Ding ding ding! First round complete, heading into the
second!
Both dates want to meet again. It’s a miracle!
This is where the trouble starts. I’m a conservative, old
fashioned girl. Interpret this, apparently, as LOSER in the dating world. Oh,
all men say that’s what they’re looking for. The reality is that they want me
to be that way to all other men, while being something else behind closed
doors. Which is one thing in an exclusive relationship, leading to marriage.
But on the second date? I mean, really. At this point in my life, I am
looking for consistency, responsibility, temperance, self-control, maturity,
and someone who is not hittin’ it with everyone they meet.
So Date #1 and I set a day and time, but he has last minute
work problems and can’t make it. No problem.
Date #2 and I meet at a local watering hole for a late
afternoon quick bite and conversation before my son’s football game—he has told
me he can’t stay long, as he’s traveling through on business. Good
conversation, snacks. He tells me he’s interested in pursuing something, but
keeping it casual, dating others. I agree, that’s best. But when we leave, he
gives me a wonderfully long, warm hug and won’t let go—and this leads to a
strange little battle. The man just told me he will be dating other women,
wants to keep it casual—but basically wants to make out on the street.
Did I
miss something? Now I understand that I’m different than most people. I’m
socially conservative, which means, apparently, I stand alone in the dating world.
When I’m in love with a man exclusively, I am very affectionate and physically
demonstrative. But if I were to be that way with every date, then, well—I’d be
like any run-of-the-mill liberal…well…as my students would say—‘ho’—runnin’

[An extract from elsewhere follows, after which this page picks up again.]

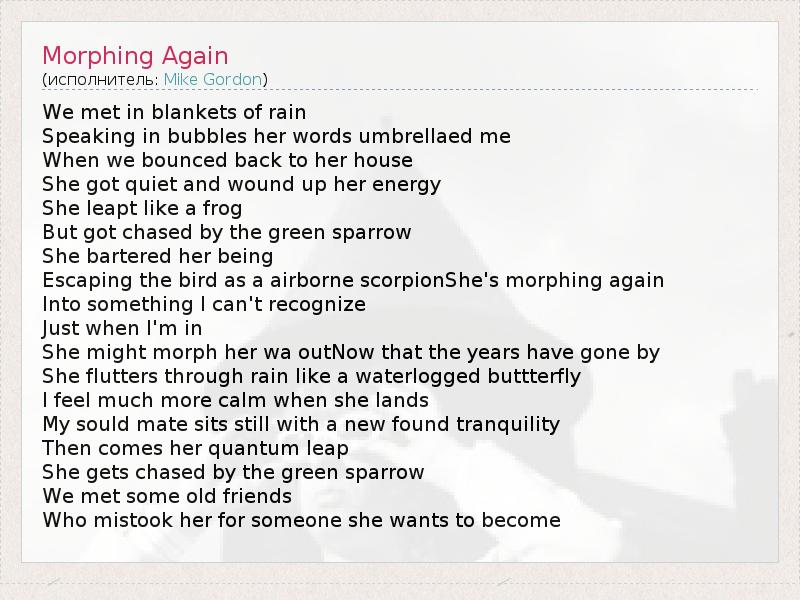 А как ты думаешь, о чем песня "Morphing Again" ?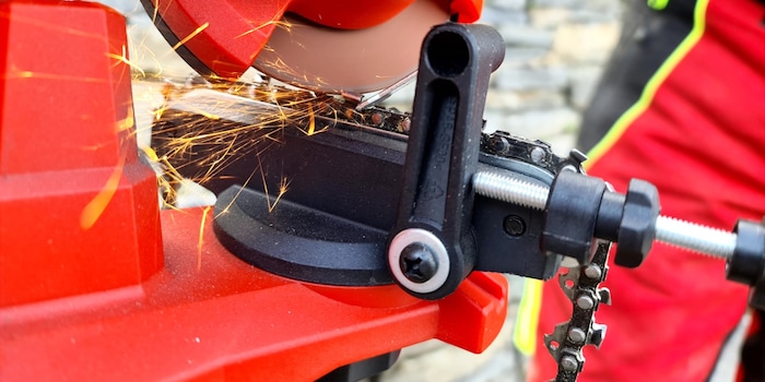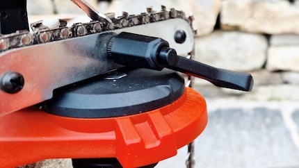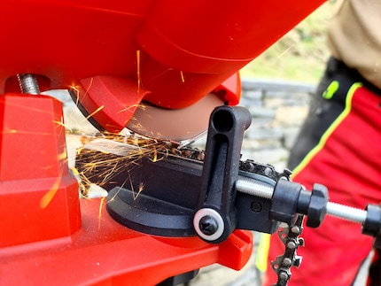 Infiliamo dunque la catena nella barra. L'angolo di affilatura per le catene Stihl è di 30 gradi. Lo regoliamo di conseguenza. Poi con il delimitatore regoliamo la profondità di affilatura per la nostra catena. Di conseguenza, regoliamo anche la tensione per affilare allo stesso modo ogni singola maglia. Usando un calibro, puoi anche definire la lunghezza della maglia più corta e accorciare le altre maglie alla stessa lunghezza. In questo modo dai alla catena un tempo di vita più lungo. Fissiamo infine la catena e iniziamo ad affilare. Mettiamo in funzione il dispositivo, che inizia subito a lavorare a 5 500 giri. Poi spingiamo con attenzione la rotella di taglio verso il basso fino a quando viene bloccata dal delimitatore di profondità. L’affilatura fa sprizzare spesse e abbaglianti scintille.

around out there. I’ve been losing men to those women my entire life. I expect
that and it’s okay. Those are not the men I want, anyway.
But how does a 40 yr
old single mom date carefully, making wise choices for her future and that of
her children, if she is expected to play tongue hockey with every Tom, Dick,
and Harry who buys her nachos?
His assessment of the situation: I’m not ready
for a relationship. Funny, that. Because I think this is the first time in my
life I’ve been ready for a relationship. I’m not desperate. I’m not feeling a
need to be with a man, even with the holidays approaching. Contentment has long
alluded me, and it feels pretty good that I have it now. It’s scary to realize that this is far
better than the emotional upheaval I’ve previously known as normalcy—and that I
may just prefer it to ever being vulnerable (hurt) again. But isn’t this the
point we should all reach before we embark on yet another adventure of the
heart? Content, satisfied, almost complete?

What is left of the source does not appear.